Ergebniszusammenfassung:

Die Ergebnisse des Forschungsprojektes ermöglichen es produzierenden KMU, mithilfe des erstellten Modells die Industrialisierungspotenziale ihrer additiven Fertigung (AF) zu identifizieren. Basierend auf Wirtschaftlichkeitsbetrachtungen wurde ein Evaluationsmodell erstellt, das auf dem Reifegrad möglicher Anwendungstechnologien aufbaut. Das Potenzial der AF zeigt sich bereits heute anhand der Einsatzhäufigkeit von über 71% im Prototypenbau und 30% in der Serienfertigung. Aufgrund der, im Vergleich zu Großunternehmen, geringeren Ressourcenausstattung von KMU haben diese ein erhöhtes Einführungsrisiko bei neuen Technologien. Anhand der durchgeführten Analysen und dem erstellten IT-Tool wird es für Unternehmen möglich, den Einfluss einzelner Industrialisierungsansätze in Bezug auf die Durchlaufzeiten und die Kosten der eigenen Fertigung zu bewerten und so die Produktionsabläufe zu optimieren.

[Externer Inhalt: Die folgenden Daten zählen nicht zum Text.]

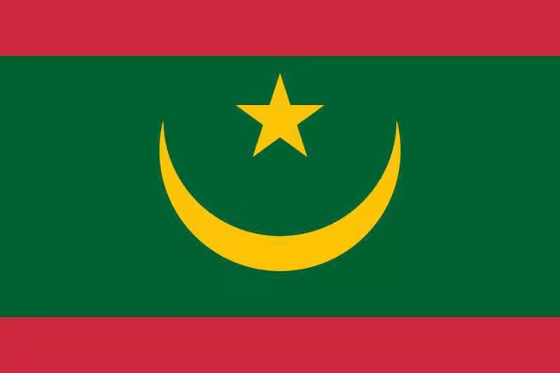 毛里塔尼亚国旗启用于1959年4月1日,国旗长宽比例为3:2。是一面绿色的旗帜,与中间新月抱星的图案都是伊斯兰教的象征。金色的图案代表了撒哈拉沙漠,而两种颜色是泛非颜色。
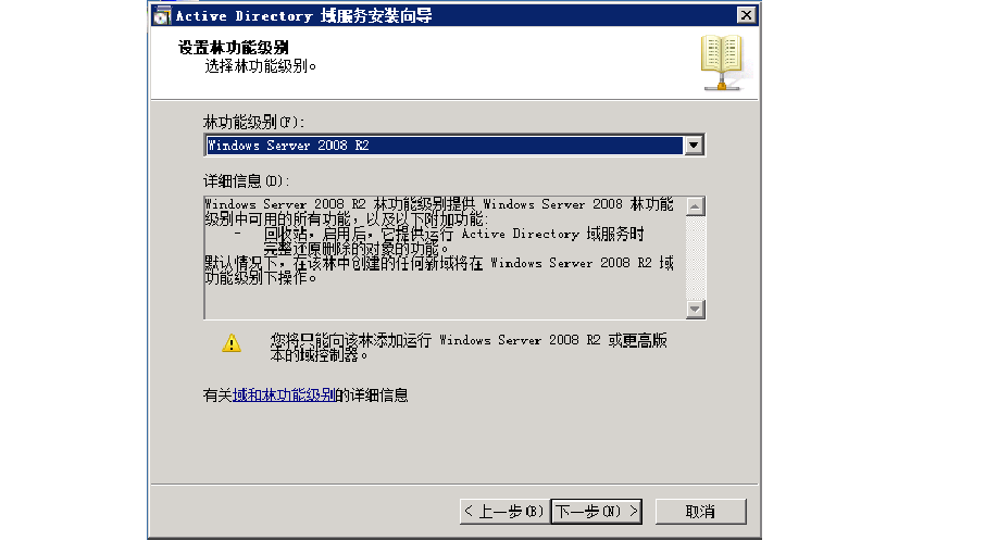 在“設(shè)置林功能級(jí)別”頁(yè)面,選擇林功能級(jí)別為“Windows Server 2008 R2”,然后點(diǎn)“下一步”。

Gleichzeitig ermöglicht die dezidierte und unternehmensspezifische Untersuchung mit Hilfe des IT-Tools die Vermeidung von Fehlinvestitionen oder Investitionen mit einem geringen Wirtschaftlichkeitseffekt.

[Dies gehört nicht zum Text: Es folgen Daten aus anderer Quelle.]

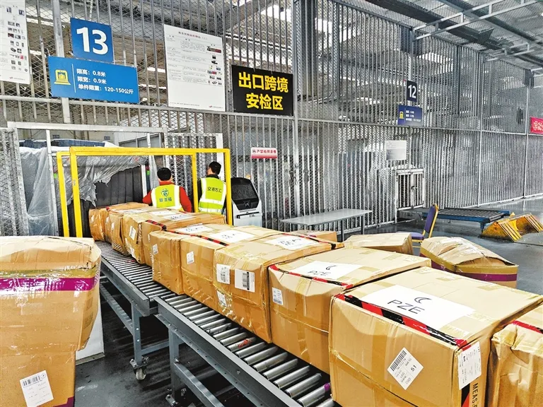 下午,记者来到郑州机场国际快件中心时,3万平方米的场地外,十几辆大货车正排队卸货,6条安检线满负荷运转。张祎说,高峰期时,这里每天处理跨境电商包裹和国际快件近600吨。

Die Sammlung und Bewertung von Industrialisierungsansätzen als Steckbriefe inklusive der technischen und organisatorischen Voraussetzungen für deren Implementierung verringert das Informations- und Qualifikationsdefizit bei KMU in Bezug auf die AF durch die Sammlung und Aufbereitung von Wissen im Kontext der Industrialisierung der AF. Die Aufbereitung des Modells und die Zuordnung von Industrialisierungsansätzen zu einzelnen Stufen erlaubt es Unternehmen, den eigenen Entwicklungsstand mit den am Markt verfügbaren Technologien zu vergleichen. Darüber hinaus werden mögliche Entwicklungslinien im Sinne einer weiteren Industrialisierung der eigenen Produktion aufgezeigt. Anhand der aufgeführten Bewertung kann der Nutzenbeitrag der Industrialisierungsansätze abgeschätzt werden. Dies ermöglicht die Konzentration auf die individuell vielversprechendsten Industrialisierungsansätze.